Task: In this exercise, print only the lines of the records below from the one with "熱風(fēng)爐用低蠕變高" through the one with "Crazy Girl Ancient", inclusive. Pictures are not part of the copy.

Materials provided below:

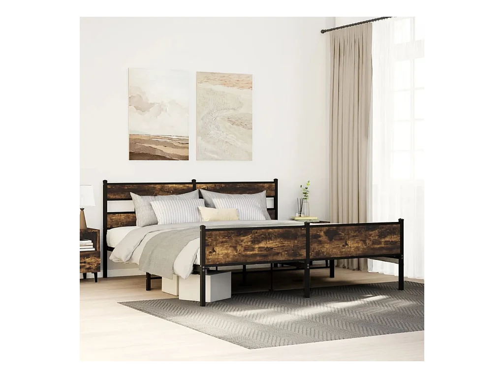 Cadre de lit en métal sans matelas chêne fumé 183x213 cm
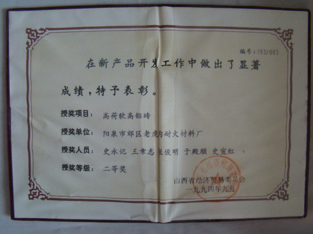 熱風(fēng)爐用低蠕變高鋁磚、高荷軟高鋁磚獲省科技進(jìn)步二等獎(jiǎng),微膨脹高鋁磚列入火炬計(jì)劃項(xiàng)目,炭素焙燒爐用特種高鋁磚已批準(zhǔn)國家專利
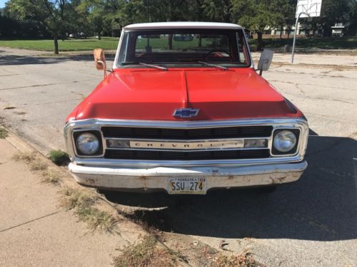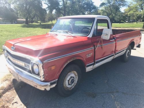 1970 C20 3/4 Ton 350/350 automatic. Runs and drives good, a good driver. It retains it's original sheet metal and paint so you know what you have here. Has the 16.5 rims which are harder to find. Wood bed all intact. Truck has very minimal rust for what you typically would see on the C10's but does have some dents and dings. Only rust is some pinholes in cab corners and right back cab mount, right fender below the battery tray. Driver door got sprung or bent back so will need a new driver door but opens and closes fine. Doesnt' leak oil or burn oil, drives straight down the road at highway speed. This is a great restoration candidate. Have more pics upon request. I welcome any and all inspections. Have any questions just ask.
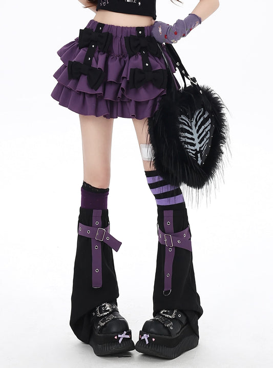 Crazy Girl Ancient Nana Bow Black Purple Skirt & Leg Warmers
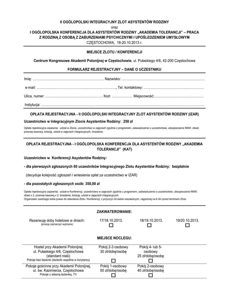 II OGÓLOPOLSKI INTEGRACYJNY ZLOT ASYSTENTÓW RODZINY oraz I OGÓLOPOLSKA KONFERENCJA DLA ASYSTENTÓW RODZINY „AKADEMIA TOLERANCJI” – PRACA Z RODZINĄ Z OSOBĄ Z ZABURZENIAMI PSYCHICZNYMI I UPOŚLEDZENIEM UMYSŁOWYM CZĘSTOCHOWA, 18-20.10.2013 r. MIEJSCE ZLOTU / KONFERENCJI Centrum Kongresowe Akademii Polonijnej w Częstochowie, ul. Pułaskiego 4/6, 42-200 Częstochowa FORMULARZ REJESTRACYJNY – DANE O UCZESTNIKU Imię: …………………………………………….………. Nazwisko: ………………………………………….………...…...…… e-mail: ……………………………………..……………………., Tel. kontaktowy: ……………………………….…………… Ulica, numer: ………………………..………………… Kod: ……………… Miejscowość:………………………….………… Instytucja: …………………………………………………………………………………………………………………………… OPŁATA REJESTRACYJNA - II OGÓLOPOLSKI INTEGRACYJNY ZLOT ASYSTENTÓW RODZINY (IZAR) Uczestnictwo w Integracyjnym Zlocie Asystentów Rodziny: 250 zł Opłata rejestracyjna zapewnia: udział w Zlocie, uczestnictwo w zajęciach zgodnie z programem, zaświadczenie o uczestnictwie, ubezpieczenie NNW, obiad, przerwę kawową, kolację, udział w zajęciach integracyjnych, śniadanie. OPŁATA REJESTRACYJNA - I OGÓLOPOLSKA KONFERENCJA DLA ASYSTENTÓW RODZINY „AKADEMIA TOLERANCJI” (KAT) Uczestnictwo w Konferencji Asystentów Rodziny: - dla pierwszych zgłoszonych 60 uczestników Integracyjnego Zlotu Asystentów Rodziny: bezpłatnie (decyduje kolejność zgłoszeń i wniesienia opłat za uczestnictwo w IZAR) - dla pozostałych zgłoszonych osób: 350,00 zł Opłata rejestracyjna zapewnia: udział w Konferencji, uczestnictwo w zajęciach zgodnie z programem, zaświadczenie o uczestnictwie, ubezpieczenie NNW, obiad x 2, przerwę kawową x 2, śniadanie, kolację, udział w zajęciach integracyjnych. Organizator zastrzega sobie prawo do odwołania Zlotu / Konferencji, z przyczyn od siebie niezależnych, najpóźniej na 6 dni przed terminem Zlotu. ZAKWATEROWANIE: Rezerwuję doby hotelowe w dniach: (proszę zaznaczyć wybrane) 17/18.10.2013. 18/19.10.2013. MIEJSCE NOCLEGU: Hostel przy Akademii Polonijnej ul. Pułaskiego 4/6, Częstochowa (standard niski) Pokój 2-3 osobowy 30 zł/dobę/osobę Pokoje bez łazienki (łazienki wspólne w korytarzu) Pokoje gościnne przy Akademii Polonijnej, ul. św. Kazimierza, Częstochowa Pokój 1-osobowy 50 zł/dobę/osobę Pokoje z własną łazienką, TV Pokój 4- lub 5osobowy 25 zł/dobę/osobę Pokój 2-osobowy 40 zł/dobę/osobę 19/20.10.2013. Pokoje gościnne „Pod klasztorem” ul. św. Barbary 13, Częstochowa Pokój 1-osobowy 70 zł/dobę/osobę Pokój 3-osobowy 50 zł/dobę/osobę Pokoje z własną łazienką, TV, Wi-Fi, własny parking Pokój 2-osobowy 50 zł/dobę/osobę Hotel SEKWANA, ul. Wieluńska 24, Częstochowa Pokój 1-osobowy 110zł/dobę/osobę Pokój 2-osobowy 65 zł/dobę/osobę Pokój 3-osobowy 55 zł/dobę/osobę Pokoje z łazienką, TV, Wi-Fi, własny parking UWAGA: Warunkiem przyjęcia rezerwacji jest przesłanie do 10.10.2013 na konto organizatora Zlotu/Konferencji pełnej opłaty hotelowej. W przypadku wyczerpania miejsc rezerwowanych w danym hostelu/hotelu organizator zastrzega sobie możliwość zaproponowania innego hostelu/hotelu. ZLOT/KONFERENCJA Wartość opłaty rejestracyjnej IZAR: ………..………… zł Wartość opłaty rejestracyjnej KAT: ..………………… zł Wartość rezerwacji noclegów: ..………………… zł Opłatę rejestracyjną prosimy przesłać najpóźniej do dnia 10 października 2013 r. na konto: Stowarzyszenie Pomocy Osobom z Zaburzeniami Psychicznymi i Ich Rodzinom „YAVA” ul. Lakowa 101, 42-280 Częstochowa Numer rachunku: 36 1440 1387 0000 0000 1368 1929 Razem do zapłaty: ….………………… zł W polu tytułem prosimy o wpisanie informacji: IZAR/KAT 18-20.10.2013 + imię i nazwisko uczestnika Wszystkie ceny zawierają podatek VAT. W przypadku rezygnacji z uczestnictwa w Zlocie / Konferencji do 14.10.2013 r. zwracamy 100% opłat (rezygnację z uczestnictwa należy przesłać mailowo na adres: [email protected], lub faksem na numer 34 34 387 12 39). W razie rezygnacji dokonanej od 14.10.2013 r. do 16.10.2013 r., zwracamy 50% opłaty rejestracyjnej i 80% opłaty za nocleg. W przypadku rezygnacji dokonanej po 16.10.2013 r. nie przewidujemy zwrotów. OŚWIADCZENIE Upoważniam Stowarzyszenie Pomocy Osobom z Zaburzeniami Psychicznymi i Ich Rodzinom „YAVA” ul. Lakowa 101, 42-280 Częstochowa, do wystawienia faktury VAT za koszty uczestnictwa w Zlocie / Konferencji bez podpisu odbiorcy dla: Nazwa płatnika: ………………………………………………………………………..………………………………………… Adres: ……………………………………………………………………………………………………………………………… Numer NIP: …………………………………………………………….. pieczęć firmy podpis i pieczęć osoby upoważnionej Data: …………………………… Uwagi:……………………………………………………………………………………………………………………………… OŚWIADCZENIE: Wyrażam zgodę na wykorzystywanie moich danych osobowych w zakresie przesyłania informacji organizacyjnych IZAR i KAT 2013 oraz informacji o innych organizowanych szkoleniach i konferencjach. Podpis osoby wypełniającej formularz rejestracyjny: ……………………………………………………………………… WYPEŁNIONY FORMULARZ REJESTRACYJNY PROSIMY ODESŁAĆ: e-mail: [email protected] faks: 34 387 12 39 Polski Instytut Mediacji i Integracji Społecznej, BIURO: Al. Wojska Polskiego 124 lok. 3, 42-207 Częstochowa

End of Materials provided.

Your response:
 熱風(fēng)爐用低蠕變高鋁磚、高荷軟高鋁磚獲省科技進(jìn)步二等獎(jiǎng),微膨脹高鋁磚列入火炬計(jì)劃項(xiàng)目,炭素焙燒爐用特種高鋁磚已批準(zhǔn)國家專利
 1970 C20 3/4 Ton 350/350 automatic. Runs and drives good, a good driver. It retains it's original sheet metal and paint so you know what you have here. Has the 16.5 rims which are harder to find. Wood bed all intact. Truck has very minimal rust for what you typically would see on the C10's but does have some dents and dings. Only rust is some pinholes in cab corners and right back cab mount, right fender below the battery tray. Driver door got sprung or bent back so will need a new driver door but opens and closes fine. Doesnt' leak oil or burn oil, drives straight down the road at highway speed. This is a great restoration candidate. Have more pics upon request. I welcome any and all inspections. Have any questions just ask.
 Crazy Girl Ancient Nana Bow Black Purple Skirt & Leg Warmers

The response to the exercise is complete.